■ The data:
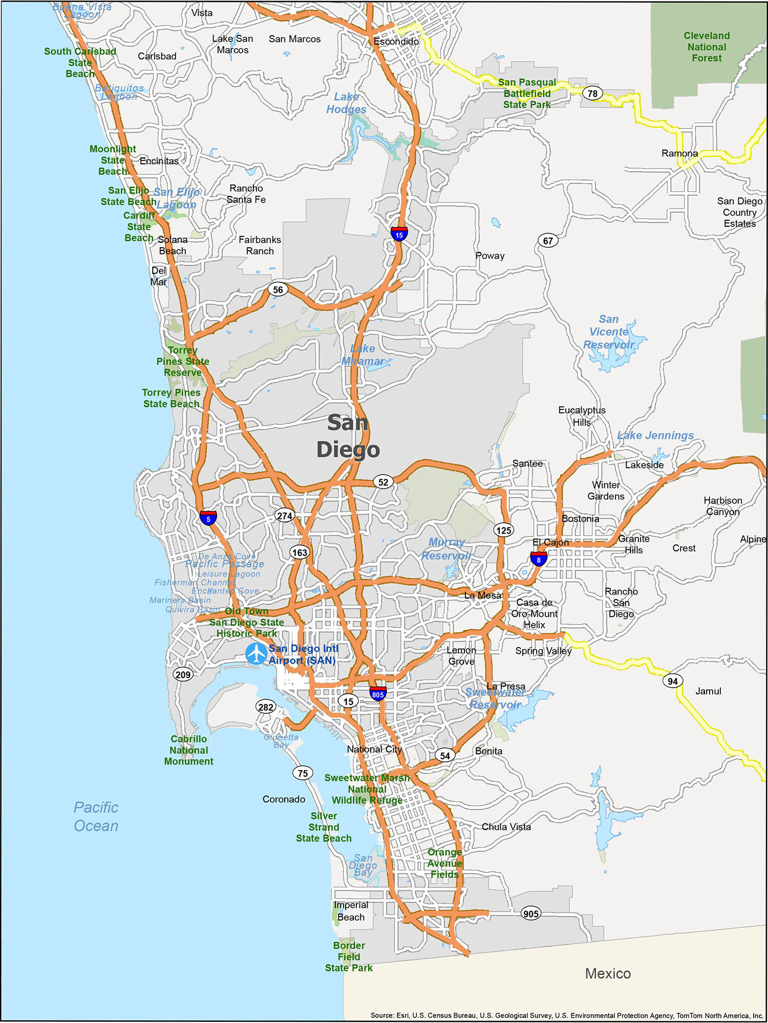 On the political map of San Diego, you can see its sprawling cities and towns that are separated by mountains and deserts. Its borders are defined by several rivers which separates it from adjoining regions such as Oregon, Arizona and Baja California Sur. On the physical map of this city you can see its many natural features including beaches and wetlands, hills, lowlands, rivers and valleys with lots of green vegetation around them. The reference map of San Diego serves as a starting point in the world of traveling around the city.
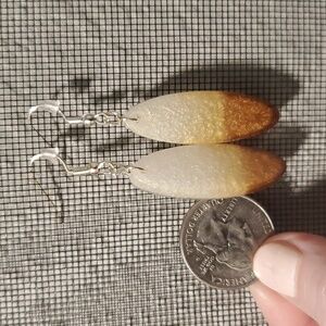 Small brown, gold and pearl oval resin earrings with hypoallergenic silver hooks
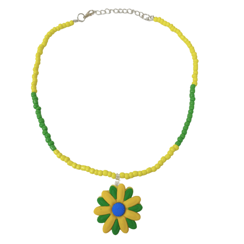 COLAR INFANTIL COPA BRASIL – PINGENTE FLOR COM MIÇANGAS! Encante-se com o Colar Infantil Copa Brasil. Pingente Flor com Miçangas, um acessório alegre e delicado, perfeito para meninas torcerem pelo Brasil em grande estilo. Produzido com miçangas inspiradas nas cores da bandeira do Brasil, verde e amarelo; o colar traz um lindo pingente de flor nas cores amarelo, verde e azul, que deixa a peça ainda mais charmosa e cheia de personalidade. Leve, colorido e cheio de encanto, é um acessório perfeito para complementar o look em dias de jogos, festas temáticas ou momentos especiais. Um modelo delicado que conquista meninas que amam acessórios divertidos e cheios de brilho. Ideal para presentear ou também para revenda, sendo uma peça encantadora que chama atenção pela combinação de cores e pelo seu estilo alegre inspirado no Brasil.

■ Task requirements: Give every line above again exactly, omitting whatever pictures appear.

■ Answer space:
 On the political map of San Diego, you can see its sprawling cities and towns that are separated by mountains and deserts. Its borders are defined by several rivers which separates it from adjoining regions such as Oregon, Arizona and Baja California Sur. On the physical map of this city you can see its many natural features including beaches and wetlands, hills, lowlands, rivers and valleys with lots of green vegetation around them. The reference map of San Diego serves as a starting point in the world of traveling around the city.
 Small brown, gold and pearl oval resin earrings with hypoallergenic silver hooks
 COLAR INFANTIL COPA BRASIL – PINGENTE FLOR COM MIÇANGAS! Encante-se com o Colar Infantil Copa Brasil. Pingente Flor com Miçangas, um acessório alegre e delicado, perfeito para meninas torcerem pelo Brasil em grande estilo. Produzido com miçangas inspiradas nas cores da bandeira do Brasil, verde e amarelo; o colar traz um lindo pingente de flor nas cores amarelo, verde e azul, que deixa a peça ainda mais charmosa e cheia de personalidade. Leve, colorido e cheio de encanto, é um acessório perfeito para complementar o look em dias de jogos, festas temáticas ou momentos especiais. Um modelo delicado que conquista meninas que amam acessórios divertidos e cheios de brilho. Ideal para presentear ou também para revenda, sendo uma peça encantadora que chama atenção pela combinação de cores e pelo seu estilo alegre inspirado no Brasil.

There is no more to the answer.